Notice that the TokenStream never explicitly creates a single object holding all attributes for the token. Instead, you interact with a separate reused attribute interface for each element of the token (term, offsets, position increments, etc.). Past versions of Lucene did use a standalone Token object, but in order to be more extensible, and to provide better analysis performance through reuse, Lucene switched to the attribute-based API as of version 2.9.

TokenStream subclasses from a class called AttributeSource (in org.apache.lucene.util). AttributeSource is a useful and generic means of providing strongly typed yet fully extensible attributes without requiring runtime casting, thus resulting in good performance. Lucene uses certain predefined attributes during analysis, as listed in table 4.2, but your application is free to add its own attributes by creating a concrete class implementing the Attribute interface. Note that Lucene will do nothing with your new attribute during indexing, so this is only currently useful in cases where one TokenStream early in your analysis chain wishes to send information to another TokenStream later in the chain.

Table 4.2. Lucene’s built-in token attributes

Token attribute interface

Description

TermAttribute Token’s text
PositionIncrementAttribute Position increment (defaults to 1)
OffsetAttribute Start and end character offset
TypeAttribute Token’s type (defaults to word)
FlagsAttribute Bits to encode custom flags
PayloadAttribute Per-token byte[] payload (see section 6.5)

With this reusable API, you first obtain the attributes of interest by calling the addAttribute method, which will return a concrete class implementing the requested interface. Then, you iterate through all tokens by calling TokenStream.incrementToken. This method returns true if it has advanced to a new token and false once you’ve exhausted the stream. You then interact with the previously obtained attributes to get that attribute’s value for each token. When incrementToken returns true, all attributes within it will have altered their internal state to the next token.

If you’re only interested in the position increment, you could do this:

TokenStream stream = analyzer.tokenStream("contents",
                                          new StringReader(text));
PositionIncrementAttribute posIncr =
  stream.addAttribute(PositionIncrementAttribute.class);
while (stream.incrementToken()) {
  System.out.println("posIncr=" + posIncr.getPositionIncrement());
}

Note that the core attribute classes in table 4.2 are bidirectional: you can use them to get and set the value for that attribute. Thus, a TokenFilter that alters only the position increment would grab and store the PositionIncrementAttribute from its input TokenStream when it’s first instantiated, then implement the incrementToken method by first calling incrementToken on its input stream and calling PositionIncrementAttribute.setPositionIncrement to change the value.

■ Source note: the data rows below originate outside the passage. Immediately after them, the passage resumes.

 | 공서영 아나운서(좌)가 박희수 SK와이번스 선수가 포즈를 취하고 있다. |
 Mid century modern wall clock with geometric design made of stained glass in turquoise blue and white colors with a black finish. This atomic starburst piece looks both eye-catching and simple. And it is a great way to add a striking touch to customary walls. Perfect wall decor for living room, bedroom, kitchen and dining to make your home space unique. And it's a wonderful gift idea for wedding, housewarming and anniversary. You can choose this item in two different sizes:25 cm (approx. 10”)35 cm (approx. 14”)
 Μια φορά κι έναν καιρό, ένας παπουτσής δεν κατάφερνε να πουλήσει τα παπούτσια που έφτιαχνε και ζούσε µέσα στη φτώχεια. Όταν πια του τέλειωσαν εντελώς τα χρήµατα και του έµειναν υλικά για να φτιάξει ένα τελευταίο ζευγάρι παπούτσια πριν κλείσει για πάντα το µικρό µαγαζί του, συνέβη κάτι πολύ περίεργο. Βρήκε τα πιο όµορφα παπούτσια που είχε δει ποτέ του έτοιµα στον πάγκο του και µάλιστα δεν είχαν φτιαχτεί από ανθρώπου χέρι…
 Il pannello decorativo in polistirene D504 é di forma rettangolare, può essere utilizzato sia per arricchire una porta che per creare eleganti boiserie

Sometimes you need to take a complete copy of all details for the current token and restore it later. You can do this by calling captureState, which returns a State object holding all state. You can later restore that state by calling restoreState. Note that this results in slower performance so you should avoid doing so, if possible, when creating your own TokenFilters.

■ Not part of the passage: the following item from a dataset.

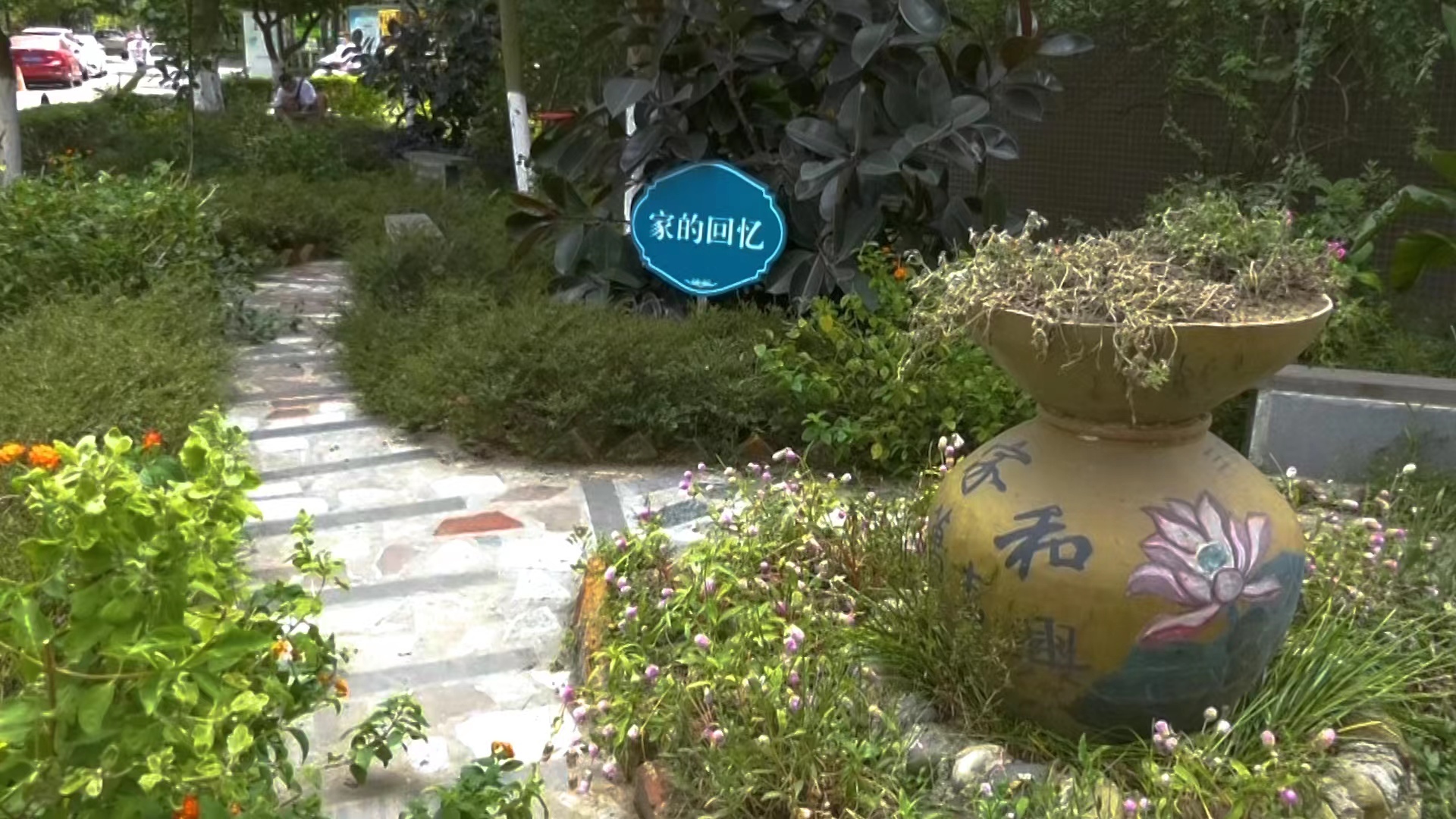 在和韵社区,居民因为拆迁安置而相聚于此,最初刚来这里时,大家都不太适应社区生活,纷纷将乡村旧物搬入屋前宅后,破落闲置,严重影响着社区容貌。要如何让这些乡“愁”不愁呢?在社区书记周相君的带领下,大家把令人发愁的废弃狗槽、酒坛、石臼等利用起来,在里面种起了花草,创造出狗槽植绿、酒坛生花、竹筒流水等多处创意小景,景景相连,“盆景”变“风景”,留住了这些眷恋故土的美丽乡愁。

What Good are Start and end Offsets?

The start and end offset values, which record the original character offset at the start and end of each token’s text, aren’t used in the core of Lucene. Rather, they’re treated as opaque integers for each token, and you could put any arbitrary integers you’d like into there.

If you index with TermVectors, as described in section 2.4.3, and specify that the offsets are stored, then at search time you can retrieve the TermVectors for a given document and access the offsets. Often this is used for highlighting, as discussed in chapter 8. It’s also possible to reanalyze the text to do highlighting without storing TermVectors, in which case the start and end offsets are recomputed by the analyzer, then used in real time.

Token Type Usefulness

You can use the token type to denote special lexical types for tokens. Under the covers of StandardAnalyzer is a StandardTokenizer that parses the incoming text into different types based on a grammar. Analyzing the phrase “I’ll email you at [email protected]” with StandardAnalyzer produces this interesting output:

1: [i'll:0->4:<APOSTROPHE>]
2: [email:5->10:<ALPHANUM>]
3: [you:11->14:<ALPHANUM>]
5: [[email protected]:18->33:<EMAIL>]

Notice the token type of each token. The token i'll has an apostrophe, which StandardTokenizer notices in order to keep it together as a unit; and likewise for the email address. The word at was removed as a stop word. We cover the other StandardAnalyzer effects in section 4.3.2. StandardAnalyzer is the only built-in analyzer that leverages the token type data. Our metaphone and synonym analyzers, in sections 4.4 and 4.5, provide another example of token type usage. By default, Lucene doesn’t record the token type into the index; thus, it only serves a purpose during analysis. But you can use the TypeAsPayloadTokenFilter to record the type of each token as a payload. Section 6.5 describes payloads in more detail.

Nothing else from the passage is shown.